### Data block
.....

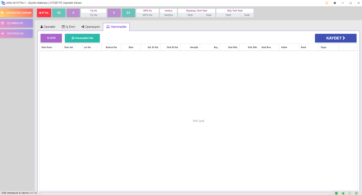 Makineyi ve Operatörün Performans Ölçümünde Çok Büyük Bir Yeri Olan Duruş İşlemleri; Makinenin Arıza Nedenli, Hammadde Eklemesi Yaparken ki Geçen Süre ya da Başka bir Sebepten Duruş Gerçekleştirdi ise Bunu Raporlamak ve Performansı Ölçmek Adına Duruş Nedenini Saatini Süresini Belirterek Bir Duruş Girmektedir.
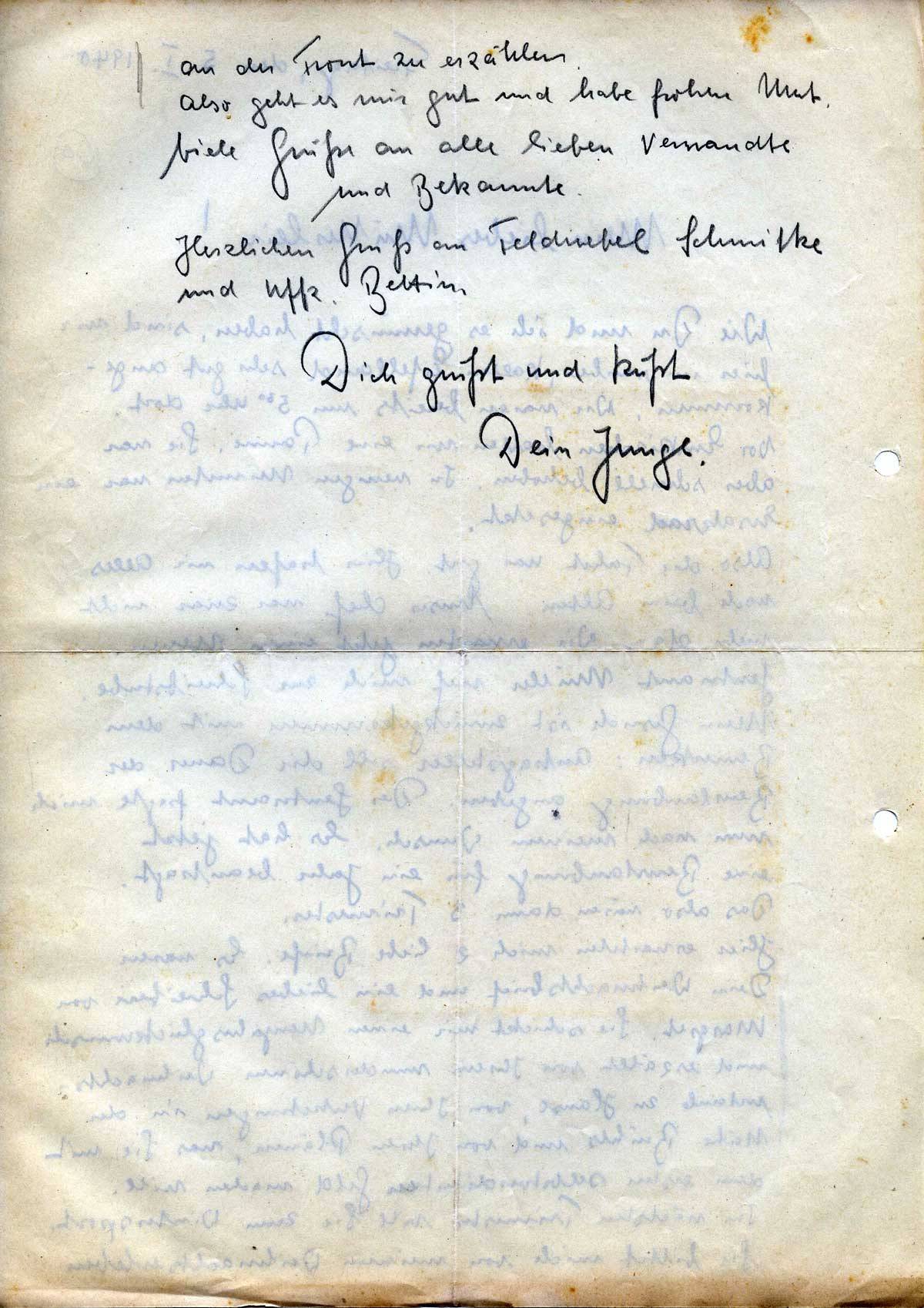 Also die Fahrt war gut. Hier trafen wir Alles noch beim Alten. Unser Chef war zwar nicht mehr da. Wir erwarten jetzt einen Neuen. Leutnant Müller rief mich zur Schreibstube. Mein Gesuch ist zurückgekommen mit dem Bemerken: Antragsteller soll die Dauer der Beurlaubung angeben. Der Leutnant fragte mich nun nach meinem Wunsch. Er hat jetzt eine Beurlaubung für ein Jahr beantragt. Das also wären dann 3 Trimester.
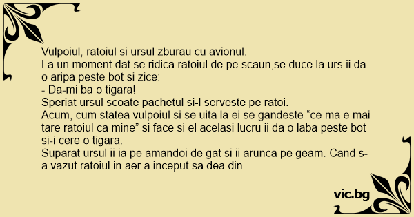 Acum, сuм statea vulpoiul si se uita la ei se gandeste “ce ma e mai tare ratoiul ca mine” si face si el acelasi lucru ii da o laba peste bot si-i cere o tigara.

.....

### Task objective
Where a picture appears, omit it, and otherwise retype the material exactly.

### Response area
 Makineyi ve Operatörün Performans Ölçümünde Çok Büyük Bir Yeri Olan Duruş İşlemleri; Makinenin Arıza Nedenli, Hammadde Eklemesi Yaparken ki Geçen Süre ya da Başka bir Sebepten Duruş Gerçekleştirdi ise Bunu Raporlamak ve Performansı Ölçmek Adına Duruş Nedenini Saatini Süresini Belirterek Bir Duruş Girmektedir.
 Also die Fahrt war gut. Hier trafen wir Alles noch beim Alten. Unser Chef war zwar nicht mehr da. Wir erwarten jetzt einen Neuen. Leutnant Müller rief mich zur Schreibstube. Mein Gesuch ist zurückgekommen mit dem Bemerken: Antragsteller soll die Dauer der Beurlaubung angeben. Der Leutnant fragte mich nun nach meinem Wunsch. Er hat jetzt eine Beurlaubung für ein Jahr beantragt. Das also wären dann 3 Trimester.
 Acum, сuм statea vulpoiul si se uita la ei se gandeste “ce ma e mai tare ratoiul ca mine” si face si el acelasi lucru ii da o laba peste bot si-i cere o tigara.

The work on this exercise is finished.